日本大百科全書(ニッポニカ) 「VAN」の意味・わかりやすい解説
VAN
ばん
Value Added Networkの略。付加価値通信網ともいう。東日本電信電話(NTT東日本)、西日本電信電話(NTT西日本)などの電気通信事業者から回線を借り、高度な通信処理機能など付加価値をつけて第三者に再販売するネットワーク。もともとは異機種を含む多種多様なコンピュータを効率よく接続するという考えから生まれたネットワーク概念である。付加価値ということばが使われているが、基本となるのは通信処理と回線の効率化である。通信処理はプロトコル(通信手順)変換、コード(データを表す記号)変換、フォーマット(データの並び順)変換、速度(データの流れの速さ)変換、メディア(文字・画面など)変換である。効率化は、回線を多重化したり、データを小分けして伝送するパケット交換によったりして回線の使用効率を高め、通信コストを下げるという機能である。そのほか、最近は情報処理、情報提供などを行うシステムなども登場し、VANの概念が非常に広くなってきている。
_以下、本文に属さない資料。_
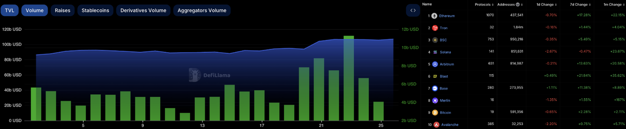 In the decentralized finance (DeFi) market, the total value locked (TVL) rebounded last week, reaching $107.2 billion currently. Over the past seven days, the trading volume on decentralized exchanges (DEXs) saw a slight increase, reaching $49.9 billion, representing a growth of over 54% compared to the previous week. The market share gap between DEXs and centralized exchanges (CEXs) widened, with DEXs now accounting for 17% of the total CEX trading volume. Among the top ten blockchain projects ranked by TVL, most projects saw an increase in TVL over the past week. Particularly, Ethereum-based public chains witnessed significant TVL increases last week, with Ethereum, Arbitrum, Blast, and Base increasing by over 10% respectively.

VANの発祥地は1970年代初めのアメリカである。アメリカでは通信と情報処理を分けるという政策があって、通信事業者であるATT社がこのようなサービスを提供できなかったという背景もあってVANが生まれた。世界的に発展し始めたのは1980年代に入ってからで、日本でも1980年代にVAN構築の機運が高まり、1982年(昭和57)にまず中小企業向けVANが認可された。さらに1985年に通信の自由化が行われ、回線の再販売も自由になった。これ以降、VANは急速な勢いで伸びた。1987年には日米間の国際VANが自由化された。VAN事業は、回線を自ら保有している第1種電気通信事業者から回線を借りる第2種電気通信事業と位置づけられた。
[速水澄男]
2004年(平成16)の電気通信事業法改正により、第1種、第2種の区別がなくなったこと、またインターネットが主流になったことなどから、現在ではVANはあまり使われていない。